• _Required action_
The expected output is the first line of the data below and every line after it, up to and including the line containing "為貫徹落實黨中央、國務院決策", each reproduced exactly.
══ Dataset records
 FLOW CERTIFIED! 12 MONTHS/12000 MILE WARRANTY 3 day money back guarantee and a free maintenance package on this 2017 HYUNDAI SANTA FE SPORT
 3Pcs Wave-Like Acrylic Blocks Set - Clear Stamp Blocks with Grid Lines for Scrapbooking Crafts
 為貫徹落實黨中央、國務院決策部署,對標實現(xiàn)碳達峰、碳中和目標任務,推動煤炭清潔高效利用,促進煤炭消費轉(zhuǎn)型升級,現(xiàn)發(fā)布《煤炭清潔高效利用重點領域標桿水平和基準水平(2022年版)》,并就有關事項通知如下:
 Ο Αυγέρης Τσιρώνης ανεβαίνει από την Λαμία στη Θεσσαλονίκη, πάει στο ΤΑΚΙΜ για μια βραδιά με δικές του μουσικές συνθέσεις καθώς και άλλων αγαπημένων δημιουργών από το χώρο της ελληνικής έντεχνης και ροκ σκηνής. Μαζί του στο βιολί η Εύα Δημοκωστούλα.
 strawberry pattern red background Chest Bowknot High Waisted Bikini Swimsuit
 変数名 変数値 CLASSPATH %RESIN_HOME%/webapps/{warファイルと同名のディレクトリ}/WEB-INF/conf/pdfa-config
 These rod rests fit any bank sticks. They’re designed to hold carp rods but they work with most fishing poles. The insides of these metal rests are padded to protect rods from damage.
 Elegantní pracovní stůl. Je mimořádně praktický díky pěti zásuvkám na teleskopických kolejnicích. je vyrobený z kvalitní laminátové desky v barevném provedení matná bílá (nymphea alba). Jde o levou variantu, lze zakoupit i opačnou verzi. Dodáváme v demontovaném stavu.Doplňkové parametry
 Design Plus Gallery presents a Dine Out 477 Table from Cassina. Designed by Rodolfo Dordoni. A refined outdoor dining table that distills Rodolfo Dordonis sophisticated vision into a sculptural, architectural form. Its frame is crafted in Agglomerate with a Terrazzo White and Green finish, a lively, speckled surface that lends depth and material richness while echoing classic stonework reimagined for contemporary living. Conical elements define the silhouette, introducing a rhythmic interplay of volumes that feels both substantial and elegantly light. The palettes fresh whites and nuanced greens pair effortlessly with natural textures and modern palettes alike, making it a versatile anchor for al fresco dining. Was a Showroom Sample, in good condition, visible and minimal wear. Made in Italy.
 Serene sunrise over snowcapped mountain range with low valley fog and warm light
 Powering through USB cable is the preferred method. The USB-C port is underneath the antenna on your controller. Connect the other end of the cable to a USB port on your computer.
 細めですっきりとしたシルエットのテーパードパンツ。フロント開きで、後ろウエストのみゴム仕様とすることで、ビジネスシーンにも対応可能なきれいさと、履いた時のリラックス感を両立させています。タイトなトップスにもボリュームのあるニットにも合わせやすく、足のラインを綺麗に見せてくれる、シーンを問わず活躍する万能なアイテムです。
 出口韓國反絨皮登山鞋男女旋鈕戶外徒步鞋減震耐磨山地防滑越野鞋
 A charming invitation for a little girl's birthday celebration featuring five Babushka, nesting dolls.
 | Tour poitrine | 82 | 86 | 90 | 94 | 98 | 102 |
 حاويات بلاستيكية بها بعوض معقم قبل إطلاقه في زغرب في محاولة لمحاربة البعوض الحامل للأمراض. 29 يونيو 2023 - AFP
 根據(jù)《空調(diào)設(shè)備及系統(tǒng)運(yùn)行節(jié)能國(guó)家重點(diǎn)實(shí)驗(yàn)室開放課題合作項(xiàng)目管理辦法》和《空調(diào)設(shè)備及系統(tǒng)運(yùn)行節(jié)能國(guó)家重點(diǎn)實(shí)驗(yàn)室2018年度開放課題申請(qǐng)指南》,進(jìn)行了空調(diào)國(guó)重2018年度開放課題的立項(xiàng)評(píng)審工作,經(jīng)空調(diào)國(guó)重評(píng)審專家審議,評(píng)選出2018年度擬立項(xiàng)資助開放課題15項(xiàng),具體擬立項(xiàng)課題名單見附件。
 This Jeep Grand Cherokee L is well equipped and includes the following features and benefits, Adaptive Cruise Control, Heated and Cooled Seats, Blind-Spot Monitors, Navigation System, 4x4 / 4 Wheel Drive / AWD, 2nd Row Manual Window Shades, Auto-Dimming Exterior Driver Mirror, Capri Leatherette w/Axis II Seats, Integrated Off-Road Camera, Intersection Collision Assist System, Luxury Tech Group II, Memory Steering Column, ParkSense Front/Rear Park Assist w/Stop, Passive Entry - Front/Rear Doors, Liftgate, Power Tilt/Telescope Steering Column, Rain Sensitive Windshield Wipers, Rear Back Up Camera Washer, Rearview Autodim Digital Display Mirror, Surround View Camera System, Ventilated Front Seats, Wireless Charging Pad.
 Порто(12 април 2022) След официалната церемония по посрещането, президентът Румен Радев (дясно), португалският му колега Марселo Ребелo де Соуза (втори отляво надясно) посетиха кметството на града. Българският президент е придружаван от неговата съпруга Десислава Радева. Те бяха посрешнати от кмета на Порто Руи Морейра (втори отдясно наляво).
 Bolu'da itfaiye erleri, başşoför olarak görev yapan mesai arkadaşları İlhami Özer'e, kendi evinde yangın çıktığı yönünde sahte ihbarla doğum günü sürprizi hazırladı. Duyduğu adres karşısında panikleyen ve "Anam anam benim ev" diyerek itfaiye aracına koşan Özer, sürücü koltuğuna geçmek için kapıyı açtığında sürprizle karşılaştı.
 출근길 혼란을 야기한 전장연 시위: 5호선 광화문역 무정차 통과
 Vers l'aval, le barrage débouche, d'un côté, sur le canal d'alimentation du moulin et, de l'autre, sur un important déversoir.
════
• _Answer to this task_
 FLOW CERTIFIED! 12 MONTHS/12000 MILE WARRANTY 3 day money back guarantee and a free maintenance package on this 2017 HYUNDAI SANTA FE SPORT
 3Pcs Wave-Like Acrylic Blocks Set - Clear Stamp Blocks with Grid Lines for Scrapbooking Crafts
 為貫徹落實黨中央、國務院決策部署,對標實現(xiàn)碳達峰、碳中和目標任務,推動煤炭清潔高效利用,促進煤炭消費轉(zhuǎn)型升級,現(xiàn)發(fā)布《煤炭清潔高效利用重點領域標桿水平和基準水平(2022年版)》,并就有關事項通知如下:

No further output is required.